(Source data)
▶

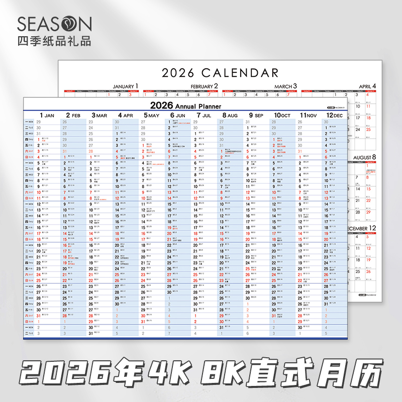 2026年全年一张日历英文版日历墙面挂历创意简约计划表圣诞节礼物
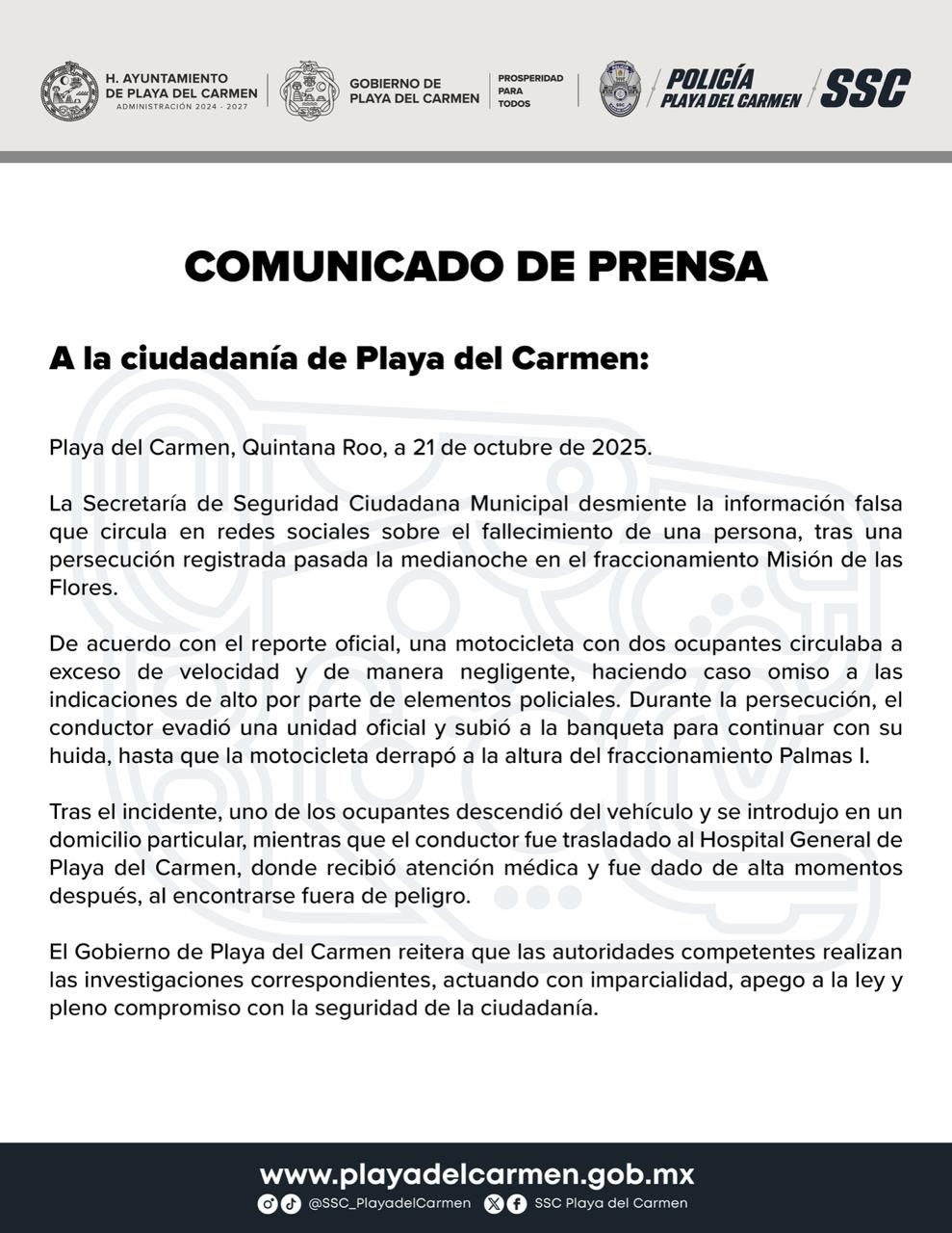 El Gobierno de Playa del Carmen reitera que las autoridades competentes realizan las investigaciones correspondientes, actuando con imparcialidad, apego a la ley y pleno compromiso con la seguridad de la ciudadanía.
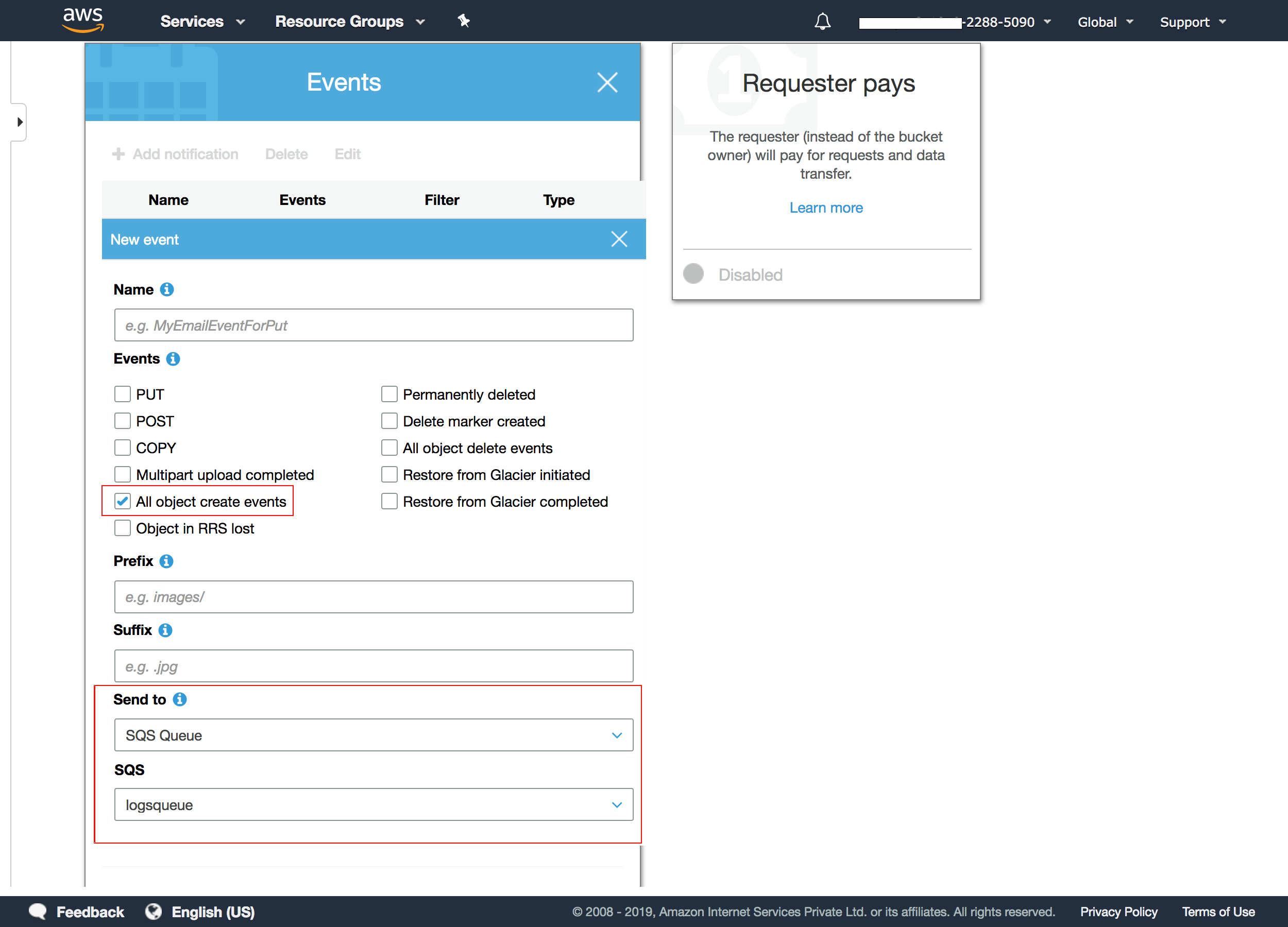 3. 单击高级设置下的事件选项卡,选择添加通知,然后选择字段所有对象创建事件。您还需要在“发送到”部分下选择 SQS 队列,并选择要将事件发送到的 SQS 队列的名称。
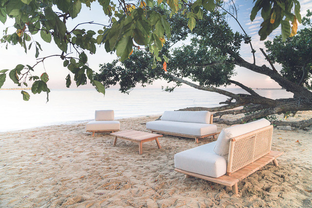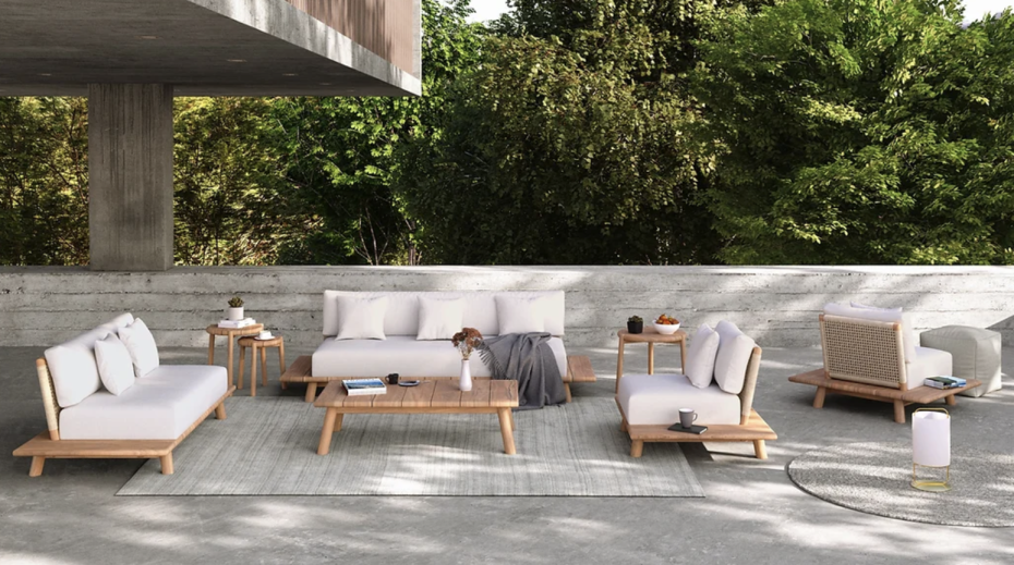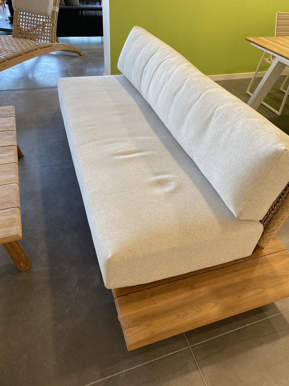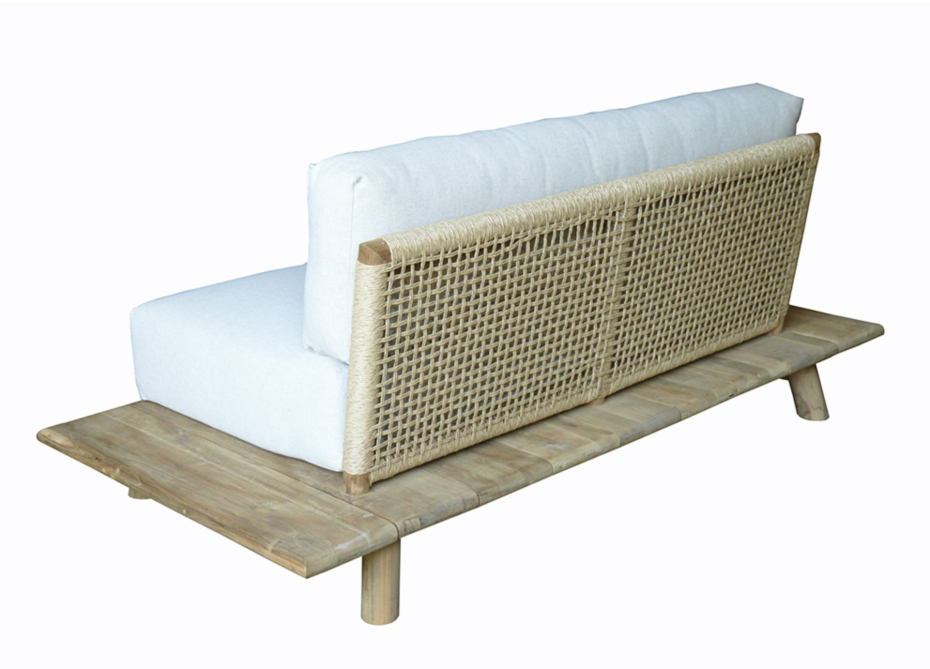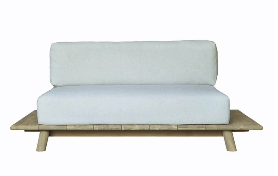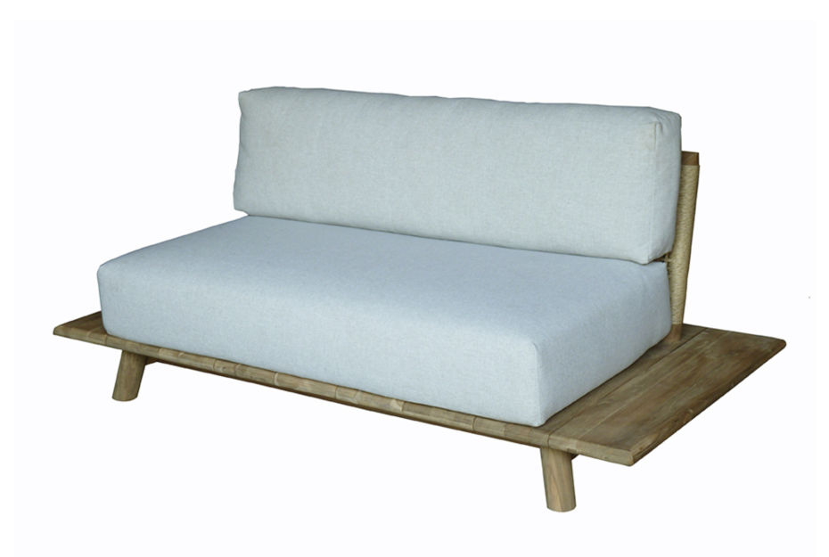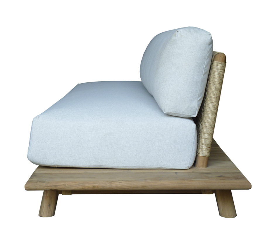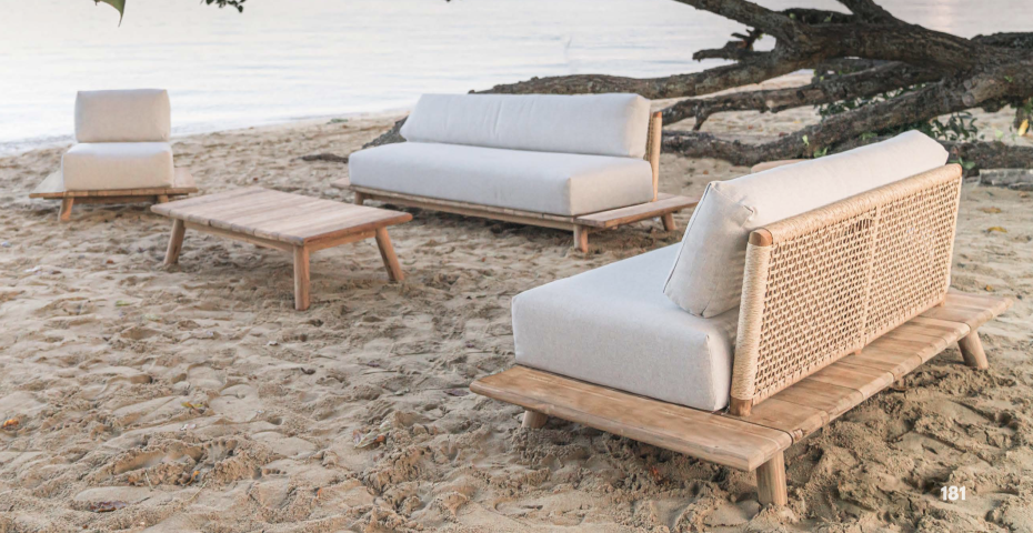 Sofa lounge garden furniture in Ibiza Style is finished in teak wood with very comfortable seat and back cushions.
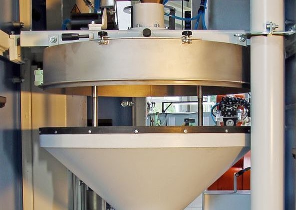 The design of the HP- RSD/S considers several criteria which has to be accounted to ensure a small increment delimitation error. The sample is introduced to the HP- RSD/S via a coated or polished steel cup. Subsequently, the material is poured on a vibration feeder. The cup emptying is realized by a slow and constant tilt-turning movement to minimize the development of fine dust and reduce loss of material. This procedure also reduced the possibility of material hump build-ups influencing the splitting result by varying the material feed rate. Vibration introduced material transport is the best technical approach to provide a constant material stream.

◀

◆ Task to complete: What is needed is an exact copy of the lines above from the one with "El Gobierno de" to the one with "队列,并选择要将事件发送到的 SQS 队列的名称。", both ends kept, and nothing more; please leave the pictures out.

◆ Task response:
 El Gobierno de Playa del Carmen reitera que las autoridades competentes realizan las investigaciones correspondientes, actuando con imparcialidad, apego a la ley y pleno compromiso con la seguridad de la ciudadanía.
 3. 单击高级设置下的事件选项卡,选择添加通知,然后选择字段所有对象创建事件。您还需要在“发送到”部分下选择 SQS 队列,并选择要将事件发送到的 SQS 队列的名称。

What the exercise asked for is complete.